Alexis Dehorta, Youth Medical Journal 2020

Categories
Biomedical Research

Discovering Genotypes Through Gel Electrophoresis

Humans are able to isolate their DNA through a series of different techniques such as using centripetal force and alternating temperatures in order to later use the isolated DNA in a Polymerase Chain Reaction (PCR) experiment. In this article, I am going to discuss how I used my remaining products from my PCR experiment to discover my genotype.  

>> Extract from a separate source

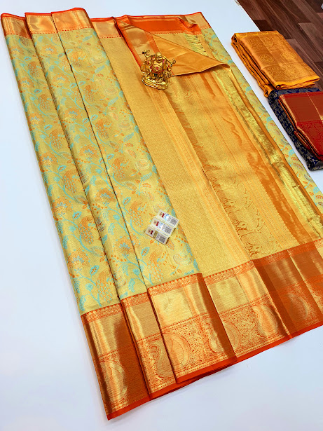 Peacock and Flower Design Kanjivaram Pure Silk Saree Golden Zari Color w/ Blouse
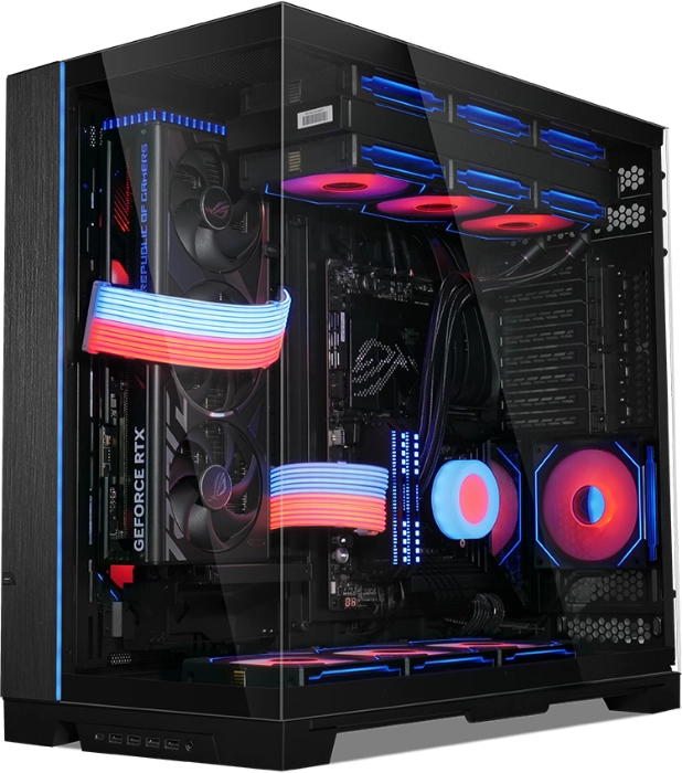 Encased in the iconic Lian Li O11 Dynamic EVO XL case, this system exudes a sense of sophistication and power. Enhanced with Lian Li UNI FAN TL Wireless LCD fans and STRIMER wireless RGB cables, this build offers unparalleled aesthetics and a truly immersive experience.

The process I used to deductively discover what my genotype was is called Gel Electrophoresis. Gel Electrophoresis is a method that allows individuals to abstract and analyze a variety of macromolecules depending on their size or charge. In simpler terms, Gel Electrophoresis is used to separate DNA fragments such as DNA, RNA, and proteins based on individual size or charge. First, DNA samples are loaded into small slits at the end of a gel also known as wells or indentations. The gel electrophoresis is utilized by researchers so that they can visually see and analyze the separation of fragments. Furthermore, there is an electrical component that is used in the electrophoresis process, when applied, the electrical current pulls the DNA samples through the gel. Because DNA fragments are negatively charged, they move towards the positive electrode. Lastly, depending on the size and charge of the macromolecules, the molecules will migrate in different directions and at different speeds which help researchers to deduce various conclusions.

Figure 1: Figure 1 illustrates how Gel Electrophoresis results are analyzed. More, there is a graph that represents the relationship between DNA Fragment Size and Distance that were concluded from the results seen at left.

Although Gel Electrophoresis may sound uncommon, it is becoming a commonly used method for medical fields and other scientific experiments. It is most frequently utilized in forensics, molecular biology, genetics, microbiology, and biochemistry. For instance, in forensics, it can be used in DNA fingerprinting. Forensic scientists are able to compare samples of DNA and obtain prints by using this method. After the Gel Electrophoresis lab is completed, it will appear in the bands where it will form a pattern outlining a fingerprint. It could be used in many different ways when testing antibiotics and vaccines. One way they can be tested is for their purity by applying electrophoresis to a solution in the form of a paper strip impregnated with the antibiotic or vaccine. Researchers can differentiate between the antibiotic or vaccine and determine any impurities. They can also determine how concentrated an antibiotic is, which is crucial for applying accurate dosages. Of course, Gel Electrophoresis is not just limited to the things I listed, it can be used in numerous ways. This process has helped people in many ways such as learning more about their genetics and has helped conclude various diagnostics as well. 

Figure 2: In Figure 2, an example of an Electrophersis tank, the tool used to separate the DNA fragments, is shown. 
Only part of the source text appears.